I did not look deep enough. Looks like the issue is in AngelSharp. Because at it's core it's an xml parser, there are characters I want to allow that are illegal in xml. All over AngelSharp are character replacements for illegal characters, such as this helper in Symbols.cs:

        public const Char Replacement = (Char)0xfffd;

On the one hand I agree, that in a pure sense, we may want to sanitize these characters, but because it's being parsed as xml it's difficult to add the option to ignore them as well. Also, why replace a character found outside a node with the "replacement character" symbol? Why not have an option to strip all of them instead?

There are also other things I will try such as wrapping the root node in a wrapper div and then removing it after, or wrapping spaces in spans (or something?). I will leave this open until I find something that works and then close it.

If anyone else has a better idea, (or an alternate parser that does not use an xml parser) please let me know.

Thanks again for the utility!

picasso566 commented 2 years ago

It seems that once again, the meaning of my life is to serve as a warning to others. I don't know whether to delete this thread or leave it; don't know if it's actually helpful. The issue had nothing to do with the library. Somewhere between escaping the html fragment and .net parsing it into an object, the whitespace character was already output as the unicode "replacement character."

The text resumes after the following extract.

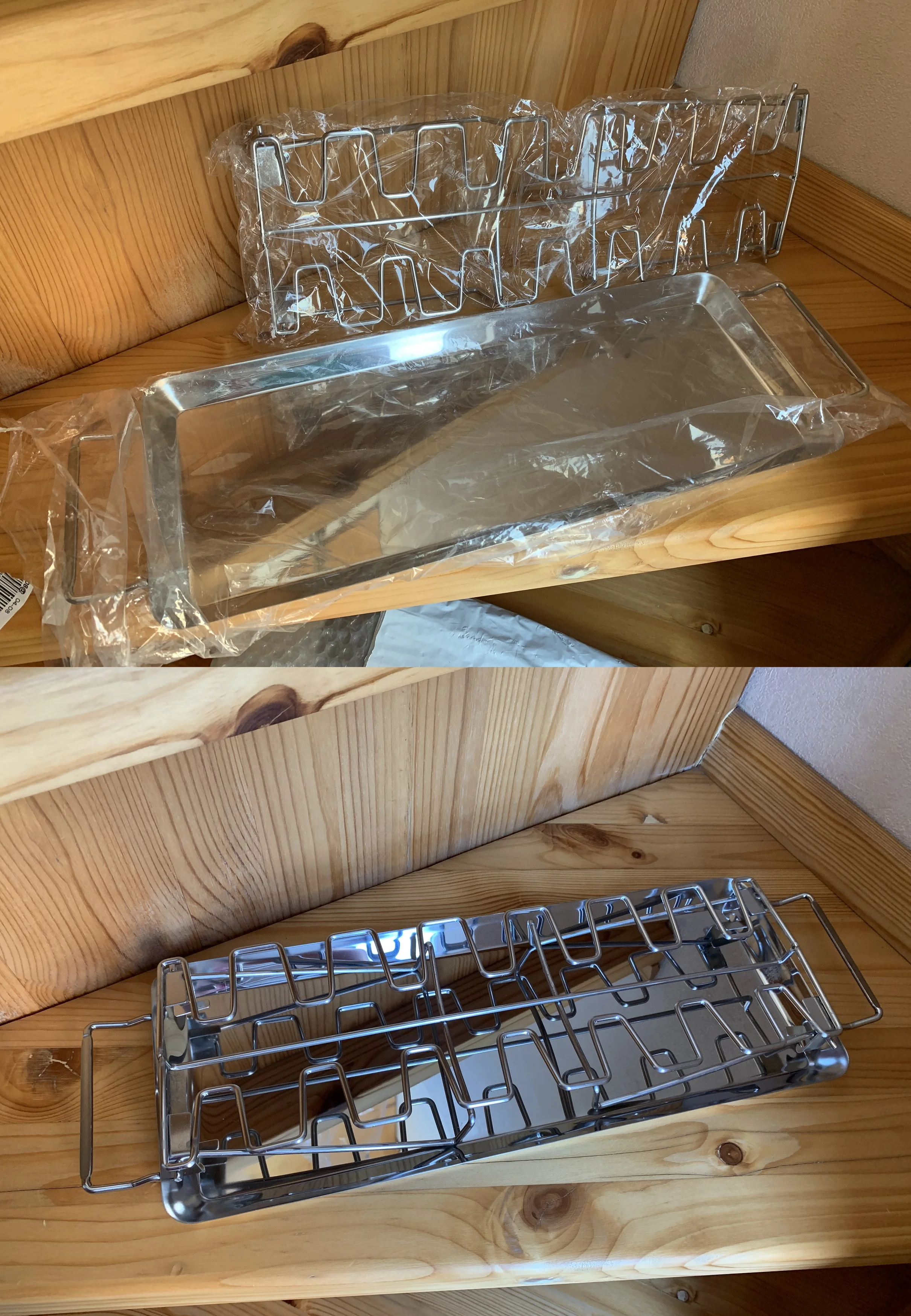 Заказала из Росии, но продавец написал, что нет на складе и предложил отправить из Китая. После моего подтверждения дал трекномер. Ехала посылка месяц. Курьер привёз заказ домой. Упаковка слабовата. По бокам поднос поцарапался. Длина подноса с ручками 43,8 см, без ручек 36,8 см на 14,6 см на 1,5 см. Длина жаровни 35 см, высота 14,4 см, ширина 11,4 см. У меня поднос в духовку не помещается - мешают ручки. Если их отломать, то встанет. У меня ручки прикрепили крепко. Пришлось ставить в духовку жаровню на поднос от плиты. Когда будете готовить на поднос надо налить стакан воды, чтобы не горел жир который будет капать с окорочков. Жарила окорочка в духовке при температуре 200 градусов 40 минут. Вытащила жаровню из духовки и поставила на поднос, который был в комплекте. На нём хорошо подавать на стол. Смотрится оригинально. Окорочка получаются сочные, с хрустящей корочкой.

To handle this, I am doing this for now and just stripping all of the whitespace characters (except a normal space) until I figure how to handle it properly.

input = input.replace(/[\u00A0\u1680\u180e\u2000-\u2009\u200a\u200b\u202f\u205f\u3000]/g, '');

tiesont commented 2 years ago

@picasso566 Since AngleSharp is (unfortunately) a fairly hard dependency of HtmlSanitizer, it is worth noting when something odd comes up, even it winds up being (like you found out) an AngleSharp issue.

picasso566 commented 2 years ago

In this particular case, it wasn't even AngelSharp.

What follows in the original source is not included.